8.13.3. Notification of Migrated Lease
In the case of lease renewal, the client may not be submitting requests for a file system that has been migrated to another server. This can occur because of the implicit lease renewal mechanism. The client renews leases for all file systems when submitting a request to any one file system at the server. In order for the client to schedule renewal of leases that may have been relocated to the new server, the client must find out about lease relocation before those leases expire. To accomplish this, all operations which implicitly renew leases for a client (i.e. OPEN, CLOSE, READ, WRITE, RENEW, LOCK, LOCKT, LOCKU), will return the error NFS4ERR_LEASE_MOVED if responsibility for any of the leases to be renewed has been transferred to a new server. This condition will continue until the client receives an NFS4ERR_MOVED error and the server receives the subsequent GETATTR(fs_locations) for an access to each file system for which a lease has been moved to a new server. When a client receives an NFS4ERR_LEASE_MOVED error, it should perform some operation, such as a RENEW, on each file system associated with the server in question. When the client receives an NFS4ERR_MOVED error, the client can follow the normal process to obtain the new server information (through the fs_locations attribute) and perform renewal of those leases on the new server. If the server has not had state transferred to it transparently, it will receive either NFS4ERR_STALE_CLIENTID or NFS4ERR_STALE_STATEID from the new server, as described above, and can then recover state information as it does in the event of server failure.9. Client-Side Caching
Client-side caching of data, of file attributes, and of file names is essential to providing good performance with the NFS protocol. Providing distributed cache coherence is a difficult problem and previous versions of the NFS protocol have not attempted it. Instead, several NFS client implementation techniques have been used to reduce the problems that a lack of coherence poses for users. These techniques have not been clearly defined by earlier protocol specifications and it is often unclear what is valid or invalid client behavior. The NFS version 4 protocol uses many techniques similar to those that have been used in previous protocol versions. The NFS version 4 protocol does not provide distributed cache coherence. However, it defines a more limited set of caching guarantees to allow locks and share reservations to be used without destructive interference from client side caching.

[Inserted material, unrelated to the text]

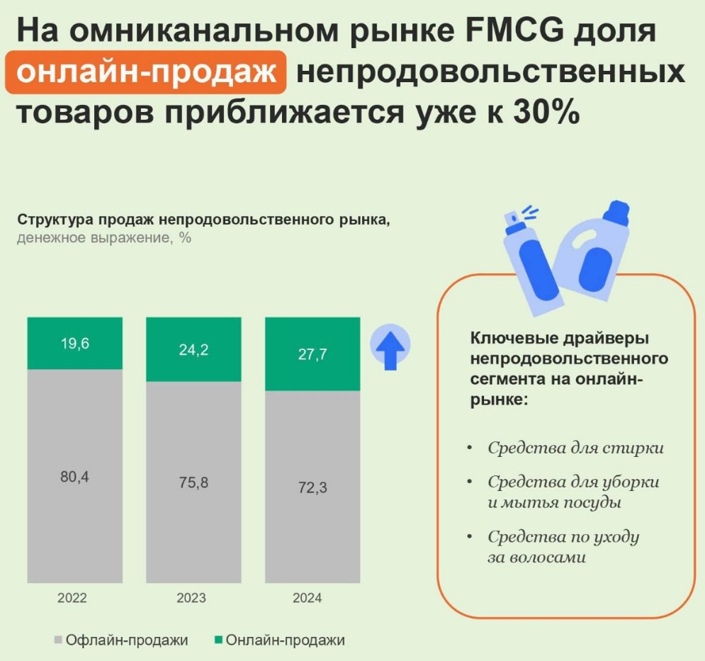 Доля онлайн-продаж непродовольственных товаров на рынке FMCG (товаров повседневного спроса) продолжает стремительно расти и, по данным Nielsen, приближается к отметке в 30%. В 2024 году этот показатель достиг 28% в денежном выражении, что значительно выше 24% годом ранее.

In addition, the NFS version 4 protocol introduces a delegation mechanism which allows many decisions normally made by the server to be made locally by clients. This mechanism provides efficient support of the common cases where sharing is infrequent or where sharing is read-only.9.1. Performance Challenges for Client-Side Caching
Caching techniques used in previous versions of the NFS protocol have been successful in providing good performance. However, several scalability challenges can arise when those techniques are used with very large numbers of clients. This is particularly true when clients are geographically distributed which classically increases the latency for cache revalidation requests. The previous versions of the NFS protocol repeat their file data cache validation requests at the time the file is opened. This behavior can have serious performance drawbacks. A common case is one in which a file is only accessed by a single client. Therefore, sharing is infrequent. In this case, repeated reference to the server to find that no conflicts exist is expensive. A better option with regards to performance is to allow a client that repeatedly opens a file to do so without reference to the server. This is done until potentially conflicting operations from another client actually occur. A similar situation arises in connection with file locking. Sending file lock and unlock requests to the server as well as the read and write requests necessary to make data caching consistent with the locking semantics (see the section "Data Caching and File Locking") can severely limit performance. When locking is used to provide protection against infrequent conflicts, a large penalty is incurred. This penalty may discourage the use of file locking by applications. The NFS version 4 protocol provides more aggressive caching strategies with the following design goals: o Compatibility with a large range of server semantics. o Provide the same caching benefits as previous versions of the NFS protocol when unable to provide the more aggressive model. o Requirements for aggressive caching are organized so that a large portion of the benefit can be obtained even when not all of the requirements can be met.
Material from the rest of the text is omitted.